TO DO. A verbatim reproduction of the lines below, from the line containing "Телефонный справочник Верховного" through the line containing "Minus 8,4 grade", both ends included, is the whole required output.

DATA TO PROCESS.
+--

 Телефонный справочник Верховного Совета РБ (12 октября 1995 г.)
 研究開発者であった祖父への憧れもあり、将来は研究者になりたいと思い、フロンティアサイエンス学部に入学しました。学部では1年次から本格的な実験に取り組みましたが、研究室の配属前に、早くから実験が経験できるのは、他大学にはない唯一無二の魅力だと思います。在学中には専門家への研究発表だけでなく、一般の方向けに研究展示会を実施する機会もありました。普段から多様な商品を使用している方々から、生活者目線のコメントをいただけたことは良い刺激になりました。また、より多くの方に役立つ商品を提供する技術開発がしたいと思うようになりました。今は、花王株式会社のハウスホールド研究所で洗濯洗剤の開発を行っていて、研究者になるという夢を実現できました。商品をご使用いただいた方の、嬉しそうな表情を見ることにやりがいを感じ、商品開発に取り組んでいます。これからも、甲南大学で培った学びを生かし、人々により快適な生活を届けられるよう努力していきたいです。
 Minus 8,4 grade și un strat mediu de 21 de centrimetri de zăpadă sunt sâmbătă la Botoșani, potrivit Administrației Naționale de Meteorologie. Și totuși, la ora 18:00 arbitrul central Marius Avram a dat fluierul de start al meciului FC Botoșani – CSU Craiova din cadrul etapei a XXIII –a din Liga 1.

+--

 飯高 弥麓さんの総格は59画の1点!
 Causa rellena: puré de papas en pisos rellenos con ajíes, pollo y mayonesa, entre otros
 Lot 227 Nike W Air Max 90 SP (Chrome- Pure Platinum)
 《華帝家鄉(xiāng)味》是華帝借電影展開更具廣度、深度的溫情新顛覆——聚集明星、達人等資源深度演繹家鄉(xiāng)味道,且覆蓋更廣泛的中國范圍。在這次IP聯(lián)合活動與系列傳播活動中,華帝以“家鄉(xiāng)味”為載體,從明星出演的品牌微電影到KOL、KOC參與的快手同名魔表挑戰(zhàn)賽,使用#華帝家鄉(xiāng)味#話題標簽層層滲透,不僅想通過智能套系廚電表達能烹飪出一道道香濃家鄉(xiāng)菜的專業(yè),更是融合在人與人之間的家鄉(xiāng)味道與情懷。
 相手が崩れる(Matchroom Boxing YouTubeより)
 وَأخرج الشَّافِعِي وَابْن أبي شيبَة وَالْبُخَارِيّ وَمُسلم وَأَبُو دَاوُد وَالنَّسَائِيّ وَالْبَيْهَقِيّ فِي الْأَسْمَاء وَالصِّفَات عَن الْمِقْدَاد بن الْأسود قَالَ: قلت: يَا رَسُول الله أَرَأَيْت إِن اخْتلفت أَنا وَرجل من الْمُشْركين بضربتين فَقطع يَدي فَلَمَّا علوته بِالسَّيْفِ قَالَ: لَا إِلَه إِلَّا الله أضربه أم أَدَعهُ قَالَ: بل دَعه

+--

EXERCISE ANSWER.
 Телефонный справочник Верховного Совета РБ (12 октября 1995 г.)
 研究開発者であった祖父への憧れもあり、将来は研究者になりたいと思い、フロンティアサイエンス学部に入学しました。学部では1年次から本格的な実験に取り組みましたが、研究室の配属前に、早くから実験が経験できるのは、他大学にはない唯一無二の魅力だと思います。在学中には専門家への研究発表だけでなく、一般の方向けに研究展示会を実施する機会もありました。普段から多様な商品を使用している方々から、生活者目線のコメントをいただけたことは良い刺激になりました。また、より多くの方に役立つ商品を提供する技術開発がしたいと思うようになりました。今は、花王株式会社のハウスホールド研究所で洗濯洗剤の開発を行っていて、研究者になるという夢を実現できました。商品をご使用いただいた方の、嬉しそうな表情を見ることにやりがいを感じ、商品開発に取り組んでいます。これからも、甲南大学で培った学びを生かし、人々により快適な生活を届けられるよう努力していきたいです。
 Minus 8,4 grade și un strat mediu de 21 de centrimetri de zăpadă sunt sâmbătă la Botoșani, potrivit Administrației Naționale de Meteorologie. Și totuși, la ora 18:00 arbitrul central Marius Avram a dat fluierul de start al meciului FC Botoșani – CSU Craiova din cadrul etapei a XXIII –a din Liga 1.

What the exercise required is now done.